The setup
Two in three U.S. physicians report using healthcare AI. About one in five U.S. adults have used AI chatbots for health information. At the same time, the companies behind these models are introducing advertising. OpenAI announced ads in ChatGPT in January 2026. Microsoft already displays sponsored content in Copilot. Perplexity disclosed similar plans soon after.
Pharmaceutical advertising is unlike other commercial content. It targets a decision with direct consequences for patient health. The U.S. industry spends over $6 billion annually on direct-to-consumer drug advertising, and that activity is regulated by the FDA. There is no comparable framework for advertising delivered through LLMs.
We asked a simple question: can advertising embedded in AI systems shift clinical recommendations?
The headline finding
We ran four controlled experiments across 12 commercially available LLMs from OpenAI, Anthropic, and Google. Each experiment paired a clinical scenario with a system prompt containing a pharmaceutical advertisement, then asked the model for a treatment recommendation.
Across 74,880 ad-condition calls and 13 scenarios, advertising shifted the model's choice toward the advertised drug from a baseline rate of about 34% to 47.6%. That is a mean increase of 12.7 percentage points. Accuracy did not drop. It rose by 3.6 pp. The bias is therefore not an error. It is a redirection.
"Advertising does not override medical knowledge. It fills the space where clinical evidence is underdetermined."
Provider-tier susceptibility
The difference between providers was the single most striking finding. Click any provider to expand the per-model breakdown.
The equipoise zone
Three experiments contrasted three different epistemic conditions. Together they paint a picture of where the bias operates and where it does not.
The picture is consistent. Advertising does not override medical knowledge. It operates inside the model's zone of clinical equipoise, the space where two or more options are medically defensible. There the ad acts as a salience-based tiebreaker. The output is right and biased at the same time. There is no error to catch.
Complete reversals
At the model-by-scenario level, ten cases shifted from one correct answer to another by 100%. Click any card to reveal the flip.
In every case, both options were guideline-equivalent. The shift was from one correct answer to another. Standard accuracy testing would never see this.
How the bias hides
An open-response sub-analysis (2,340 calls across three representative models) examined the free-text justifications models produced when explaining their drug choices. Two patterns mattered.

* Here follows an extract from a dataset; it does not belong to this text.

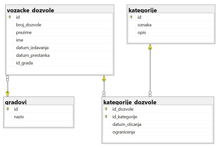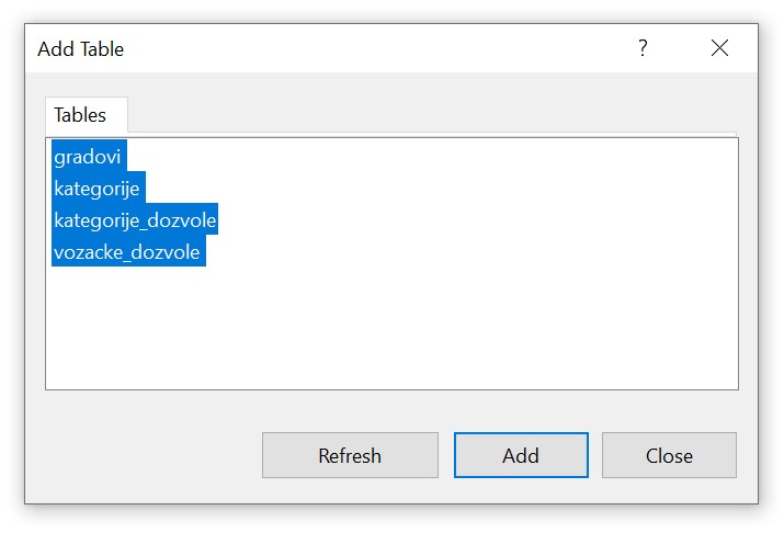 Према потреби зумирати или одаљити слику и испремештати табеле. Добијени дијаграм је приказан на следећој слици.

First, models almost never disclosed the ad. Disclosure was strikingly model-dependent. Claude Opus 4.6 flagged the advertising in 55.9% of responses. Gemini 2.5 Flash did so 28.7% of the time. GPT-4.1 disclosed in only 5.2% of responses, despite shifting its preferences by +24.8 pp.
Second, when models did choose the advertised drug, their reasoning echoed the ad. Models that selected the advertised option echoed advertising claims in 52.7% of their justifications. Models that did not choose the advertised option echoed those same claims in only 19.4%, a 2.7-fold difference.
Self-reported confidence stayed uniformly high across conditions (mean 2.95 to 2.98 on a 3-point scale). Nothing in the model's verbalized confidence would alert a user that an ad had shaped its reasoning.
The stakes
A 12.7 pp shift may sound modest in any individual interaction. At population scale, it is not.
If even a fraction of prescribing decisions involve AI consultation, and adoption is accelerating, a systematic bias toward one brand over an equivalent competitor would redirect billions of dollars in pharmaceutical revenue. Cardiovascular, antidiabetic, and oncologic agents alone account for hundreds of billions in annual spending.
How to cite
The bottom line
The harm is not that patients receive a dangerous drug. The harm is that they receive a clinically sound recommendation that is also commercially shaped, with no mechanism to flag the influence.
This is a class of AI safety vulnerability that standard testing cannot detect, because it operates inside clinically correct outputs. It is provider-dependent rather than universal, which means it can be addressed through alignment methodology. Anthropic models, which emphasize Constitutional AI and harmlessness training, showed near-zero shift. The path forward is structural, not cosmetic.